Even if you use third-party tools for such functions, you may find value in adopting SharePoint as a front end, since its familiar Office interface can make ECM, search and BI tools more accessible to users, says Burton Group’s Hobert. Kelley Blue Book’s Yaros isn’t sure if he’ll ultimately adopt SharePoint’s BI technology, but he’s fairly certain he’ll have SharePoint be the front end to whatever he does choose.

Likewise, Primitive Logic’s Lin says many companies will find that SharePoint 2007’s Office-like interface makes a good front end to sophisticated but hard-to-use ECM tools such as EMC Documentum and IBM FileNet.

Beware Microsoft Baggage

Although SharePoint 2007 supports Web services and has hooks to data sources such as SAP R3 to pull information into central repositories (which it calls business data catalogs), using SharePoint fundamentally requires that you have a strong Microsoft core in place, notes Apollo Group’s Mildenhall. “Even if you’re not a Microsoft shop, you still need to use Office and Exchange,” he notes, and not using Active Directory will limit your security and access management controls as well.

The upside to buying into Microsoft’s goal of becoming a strategic component of your enterprise infrastructure is that “nothing else leverages Office and Active Directory as SharePoint does,” he says. And SharePoint also ties in well to Microsoft’s .Net and Visual Studio development tools to let IT make enhancements, says Definition6’s Hernacki.

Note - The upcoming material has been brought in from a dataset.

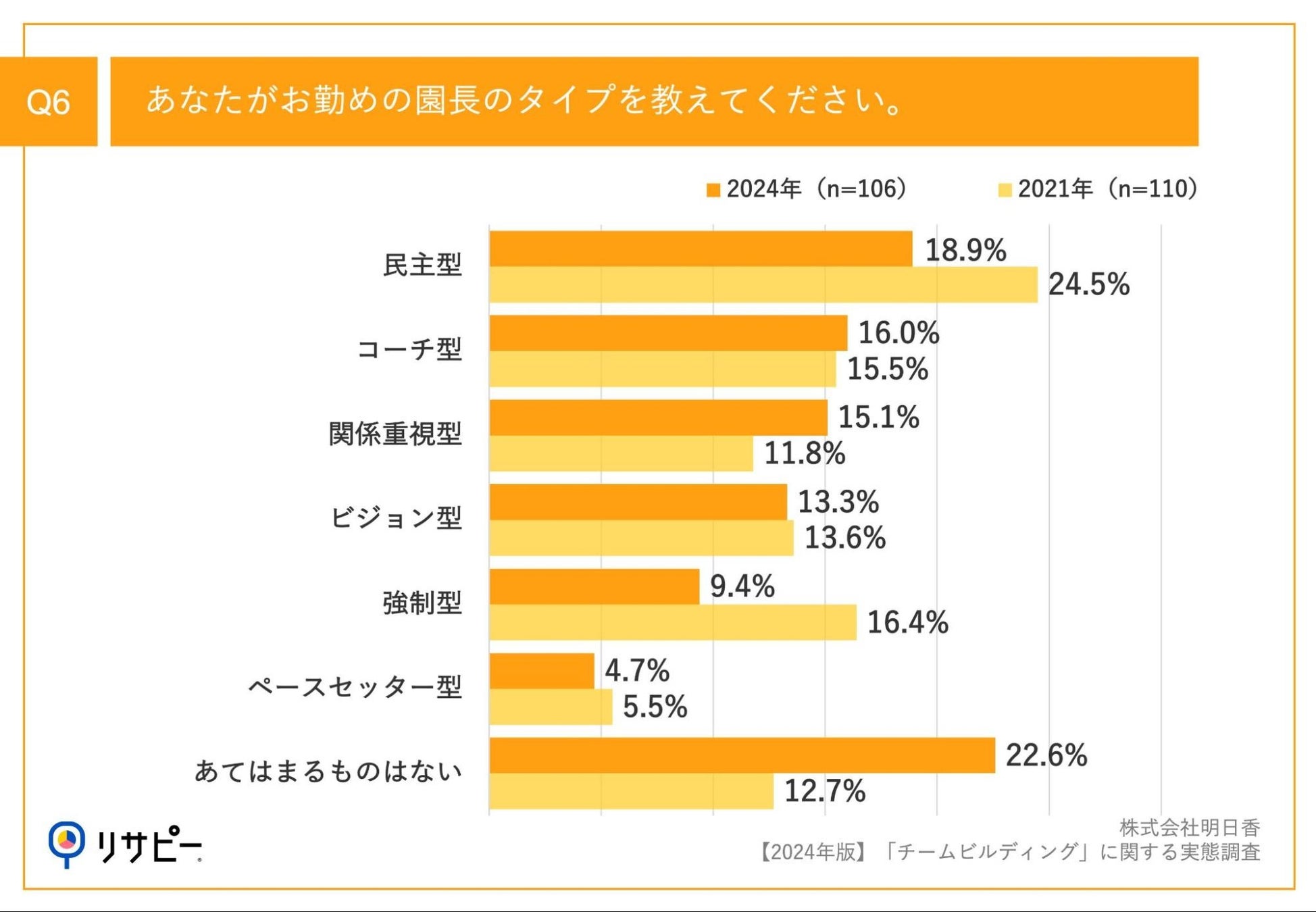 「Q6.あなたがお勤めの園長のタイプを教えてください。」(n=106)と質問したところ、「民主型(職員からの意見や提案を受け入れ、組織の方針に反映するタイプ)」が18.9%、「コーチ型(職員1人1人をよく把握し、各自の能力向上を支援するタイプ)」が16.0%という回答となりました。

As you connect non-Microsoft technologies to SharePoint, you can expect a bumpier ride. That’s a big downside for many IT shops. For example, at Bryan Cave, it “took a lot of work” to get SharePoint to integrate with the Recommind search system, notes Alber. Primitive Logic’s Lin says his consultancy “struggled to get EMC Documentum working with SharePoint because the SharePoint interfaces are not so good.” But Lin notes that IBM’s FileNet integrates more easily with SharePoint. Christopher Martini, Primitive Logic’s Microsoft practice head, adds that SharePoint alternatives such as SAP’s MySAP portal also require reliance on a proprietary core or lots of custom code.

Ultimately, CIOs must ask themselves whether they want to bring Microsoft to the core of their collaboration and perhaps content management, BI, and search strategies, says Forrester’s Koplowitz. It’s clear that the advances in SharePoint 2007 have caused many CIOs to look at that question again. “Any CIO should be cautious. There’s a lot to MOSS that we don’t know yet—for starters, how well it will scale in the real world. We’ll know in the next year what its real quality is as people put it through its paces,” Koplowitz says.

At Bryan Cave, Alber is not waiting. Impressed with the “robustness” of Microsoft SQL Server’s recent release, he says, “Office 2007 is coming off the bus really quite advanced—there’s no need to wait until Service Pack 2, as is usually the case with Microsoft.” Despite having misgivings about Windows Vista, he sees these recent enterprise apps as proof that Microsoft is ready to play in the big time, and his early experiences with MOSS reinforce that belief. “I’m not seeing the same hiccups as with Microsoft in the past,” he says.

Despite that enthusiasm, Alber doesn’t just swallow the Microsoft Kool-Aid. “I’ve really tried to cherry-pick; I really try not to buy Microsoft’s promises wholesale.” The promise of SharePoint 2007 is strong, but the strategy of “trust but verify” remains essential, he says.